But when it comes to running, there are other runners on the course during races, but the only person you are truly competing with most of the time is yourself. It’s the ultimate gut check. Do you have what it takes to push yourself beyond your comfort zone? In a nutshell, I guess that is the essence of my goals this year. Do I have what it takes?
This self-examination began in earnest with Saturday’s 9th Annual Chattahoochee Challenge 10k. What better place to begin my quest than at the very first race I entered exactly a year ago. The Hooch Challenge is a very flat, fast course. It was the perfect place to go after Goal #1.
A few days before the race, I saw that the Atlanta Track Club had published its qualifying times for the Peachtree Road Race. A sub-42 time would get me into the Sub-Seed group, the very first wave behind the elite runners. To get into the elite group, I would need a Sub-36 time! Even as a novice runner who didn’t pay attention in school, I’m smart enough to know that I wasn’t going to shave 7 minutes off my 10k time!
On race day, I get to the start with a couple friends from the neighborhood.
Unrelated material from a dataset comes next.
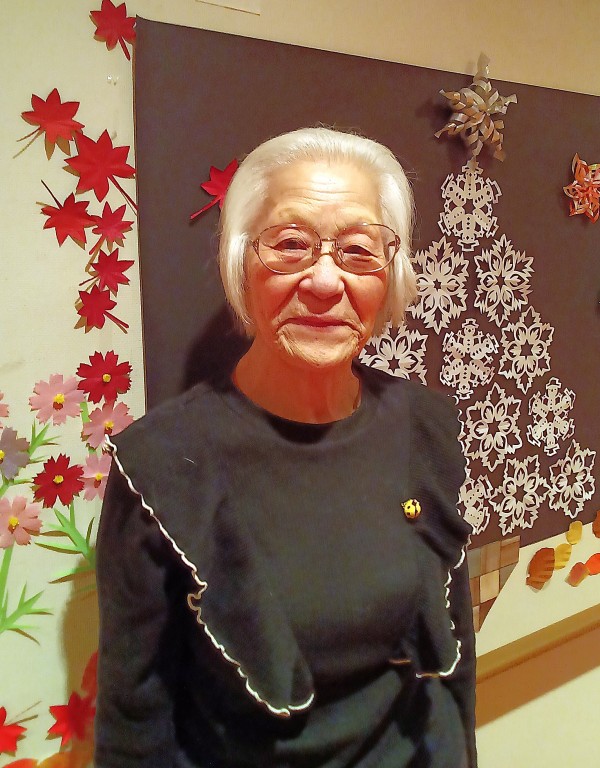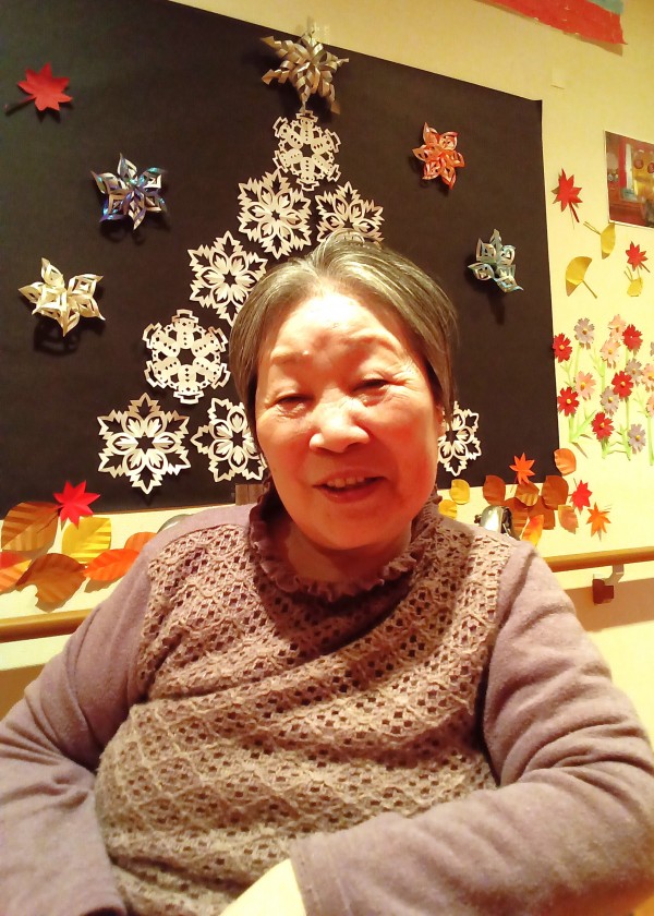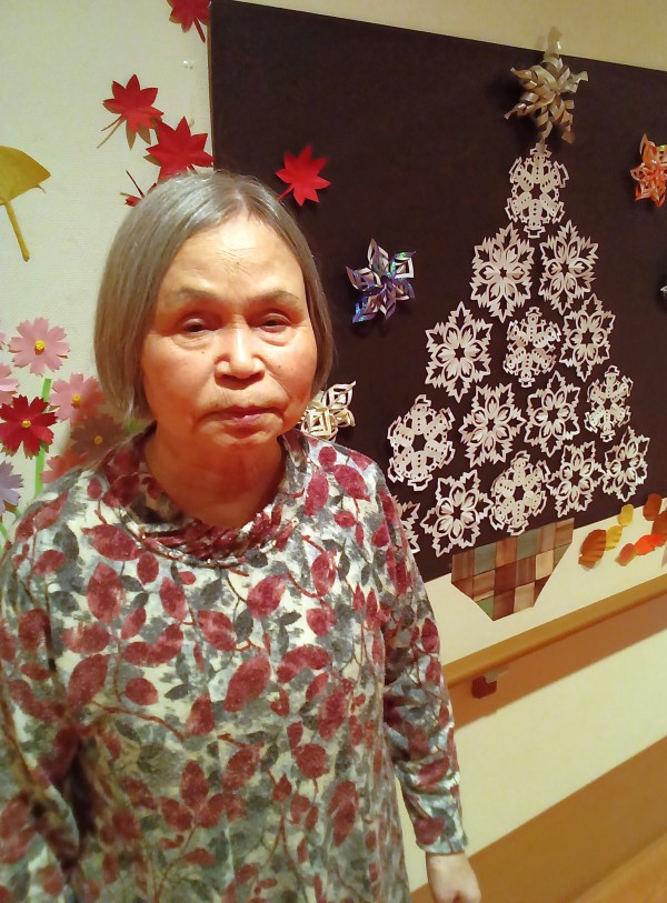 ケアスタッフお手製の折り紙で作った雪の結晶のクリスマスツリーを背景に記念撮影♪(*´∀`)

We are all there for a fun morning run, but I had a goal in mind and had my “game face” on. I took a few warm up laps around the parking lot and was itchin’ to get to the start line. One friend would later say “yeah, you were in the zone.”
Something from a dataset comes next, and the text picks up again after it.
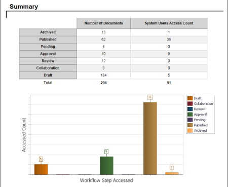 - Include Graphs: Adds a graph to the Summary area of the report. The graph shows the number of users who accessed the selected documents in each status.

Being “in the zone” as a runner is something new to me. Based on my times in the races I have run over the past year, I’ve come to realize that I’m relatively fast. But due to the simple fact that I never ran track or cross-country in high school or college, I still don’t consider myself to be a “runner.”
Because of this, I always feel overmatched at the start line. When I look around and see the guys wearing small runner shorts and tank tops with their lightweight “fast shoes”, I always wonder if I should take a couple steps back off the starting line. Nah, “screw ’em” I think. Plus, I’m not sure I’ll ever be ready for the short shorts and tank top look. Not that there’s anything wrong with that!
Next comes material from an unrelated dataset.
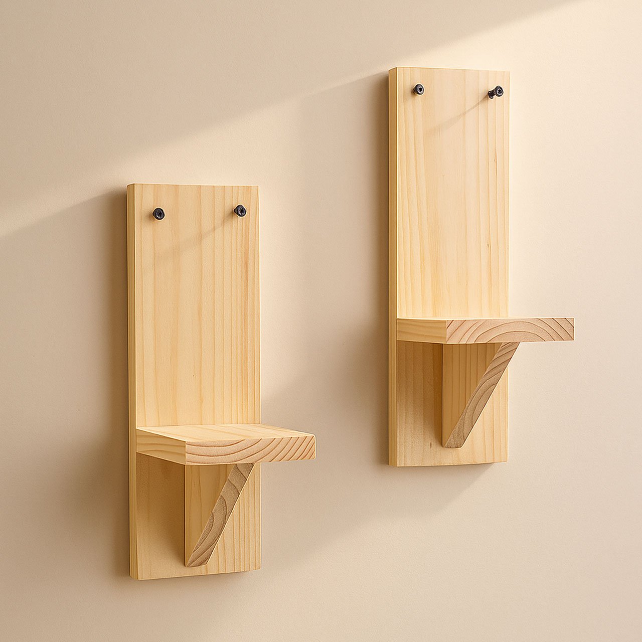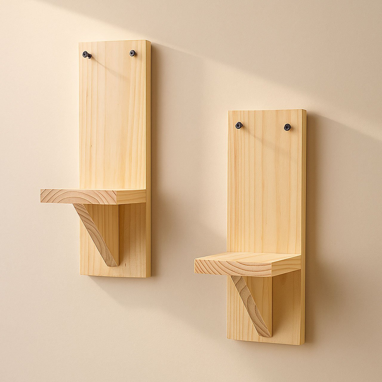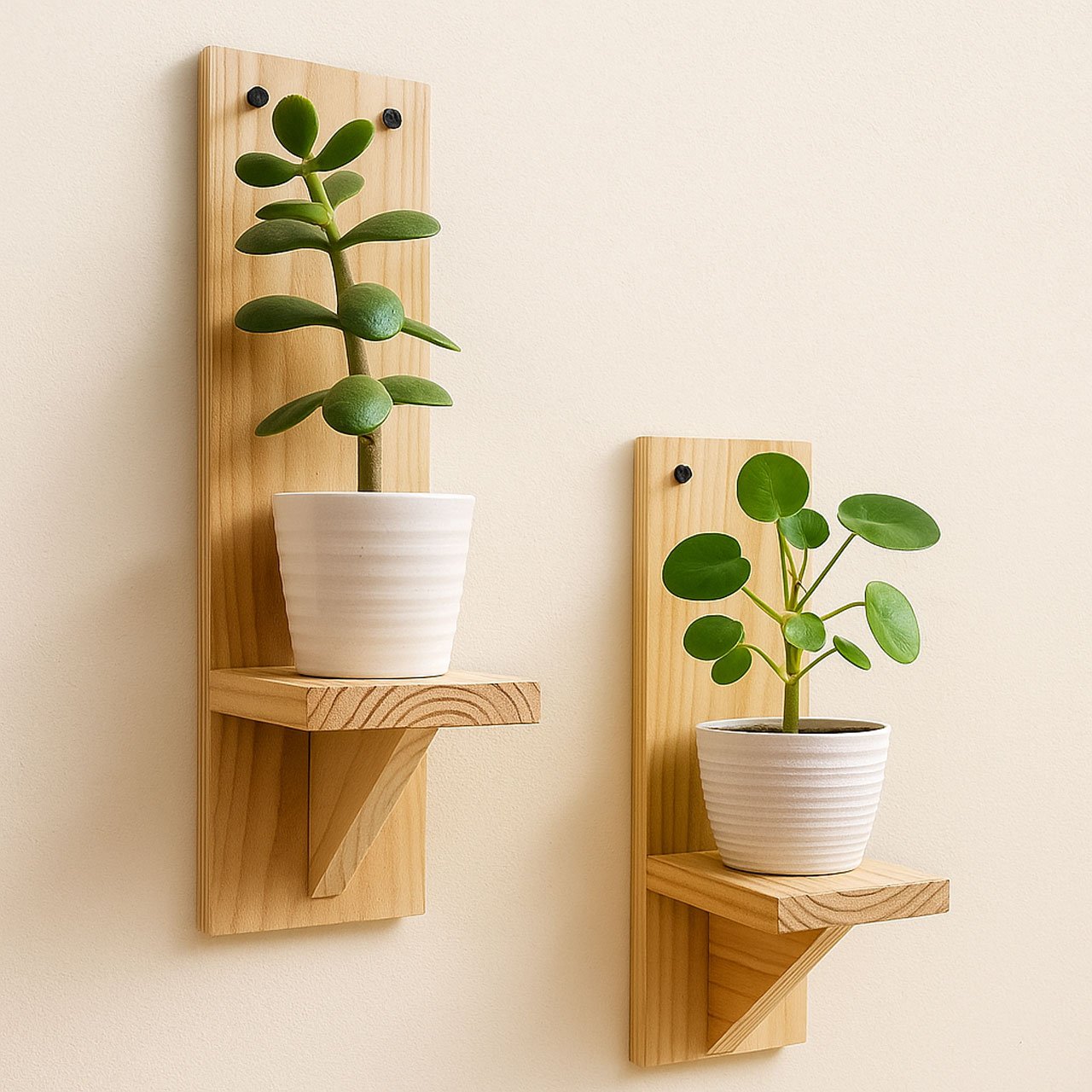 Small Wooden Wall Shelves for Plants – Set of 2 | Mini Floating Wall Shelf | 1-Tier Each | Wall Mounted Decorative Rack | Beige | Ideal for Succulents, Candles, Home Décor

Then, BANG! The gun goes off and I find myself near the front of the pack for the first half-mile or so. But very quickly you can see who the elite runners are. By the 1-mile mark, they are off in the distance. It’s truly impressive to be close enough to watch them run, but I know that I have no hope of staying with them.
On this day, there is a large field for the race. It’s a fast, flat course, so it draws a good crowd of about 900 runners. For the first mile, there are about 20 of us off the front. We are moving pretty quick, too.
(I remember running this race last year and hitting the 1-mile mark at 6:35 and thinking “holy crap, slow down!” With little training under my belt I had NO chance of keeping up that pace over six miles. Sure enough, I faded like a champ over the last 2 miles and limped across the line.)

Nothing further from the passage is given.